Surface what changed between the most recent two snapshots of any
target. Useful for "what changed since last week" or as a triage feed
when a sudden compliance drop appears.

### Parameters

| Name | Type | Required | Description |
|------|------|:-:|-------------|
| `limit` | `int` | No | Max events to return (default `50`). |

### Returns

```json
[
  {
    "node_id": "host-esxi-01",
    "field": "ntp.servers",
    "old_value": "pool.ntp.org",
    "new_value": null,
    "detected_at": "2026-05-03 12:34:56"
  }
]
```

### Gotchas

- Reads the **latest snapshot** only; events represent changes **into**
  that snapshot from its predecessor.
- `old_value` and `new_value` are stringified — JSON-typed values may
  appear as their string form.
- Returns `[]` if no snapshots exist or no changes were detected.

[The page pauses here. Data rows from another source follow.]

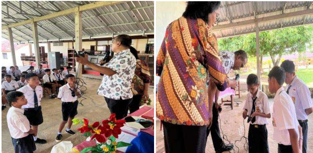
Gambar 3. Praktik penggunaan alat DO Meter

pengukuran langsung tersebut kemudian dicatat, dianalisis, dan dibandingkan dengan standar kualitas lingkungan yang ditentukan.
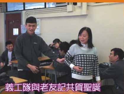
義工隊與老友記共賀聖誕
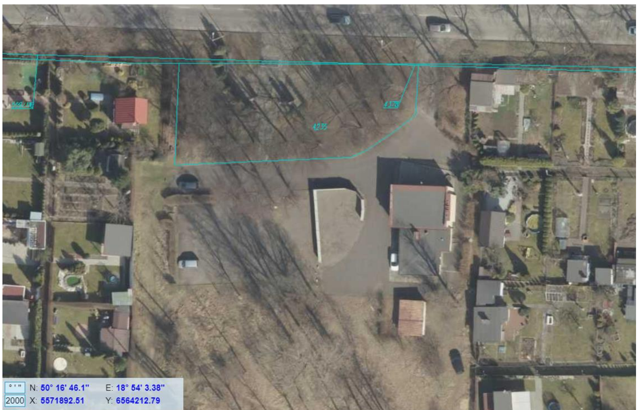
rys. 1 – Lokalizacja istniejącego miejsca pamięci

Na terenie położonym za pawilonem ROD, w części południowej, należy przewidzieć wydzielone wizualnie miejsce składowania odpadów ROD oraz ogólnodostępny parking.
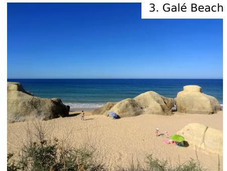
3. Galé Beach

### Typical response tokens

- Lab estate, default limit: ~300–1500 tokens.
- Cap the agent's burn by passing a smaller `limit` (e.g. 10) when
  triaging.

## Tool 5: `get_baseline_rules`

### Signature

```python
get_baseline_rules(baseline_id: str) -> list[dict]
```

### When to use

The agent needs to explain to the user what a baseline checks for, or to
correlate a `rule_id` from `list_violations` to a human-readable title /
category.

### Parameters

| Name | Type | Required | Description |
|------|------|:-:|-------------|
| `baseline_id` | `str` | Yes | A baseline id from `list_baselines`. |

### Returns

```json
[
  {
    "id": "cis-1.1.1",
    "title": "Configure NTP",
    "severity": "high",
    "category": "network"
  }
]
```

### Gotchas

- Raises (and the MCP layer surfaces a tool error) if the
  `baseline_id` is not a built-in. User imports are loaded via the same
  loader, so imported ids work too.
- The full `check.path` / `expect` payload is **not** returned — only
  the metadata. To inspect the raw YAML, look under
  `vmware_harden/baselines/builtins/<id>.yaml` or
  `~/.vmware-harden/baselines/`.

### Typical response tokens

~300–600 tokens (12–20 rules × ~25 tokens).

## Tool 6: `scan_target`

### Signature

```python
scan_target(
    target: str,
    baseline: str = "cis-vmware-esxi-8.0-subset"
) -> dict
```

### When to use

Trigger a fresh compliance scan from inside the agent loop. This is the
**only** tool in the skill that performs heavy network I/O (it walks the
upstream `vmware-aiops` collectors against the live vCenter / NSX).

### Parameters

| Name | Type | Required | Description |
|------|------|:-:|-------------|
| `target` | `str` | Yes | vCenter target name from upstream `vmware-aiops` config. |
| `baseline` | `str` | No | Baseline id. Default `"cis-vmware-esxi-8.0-subset"`. |

### Returns

A small summary:

```json
{
  "snapshot_id": "snap-2026-05-03T12:34:56-...",
  "target": "lab-vc01",
  "baseline": "cis-vmware-esxi-8.0-subset",
  "hosts": 4,
  "violations": 17
}
```

### Gotchas

- **This is the heavy tool.** Lab scans of CIS subset against 4 hosts
  take 5–30 s. 等保 2.0 三级 across multi-collector estates can take
  minutes. Agents should not call this in tight loops; prefer
  `list_violations` to reread the latest snapshot.
- Risk level is `"medium"` in `@vmware_tool` (audited) although the
  target is not modified — the elevation reflects upstream API load and
  local DuckDB writes.
- Requires a working `vmware-aiops` target with the same name; if the
  upstream is unconfigured, the underlying collectors raise and the tool
  returns a tool error to the agent.

### Typical response tokens

~80–150 tokens (the response is intentionally a compact summary; the
agent should follow up with `list_violations` for details).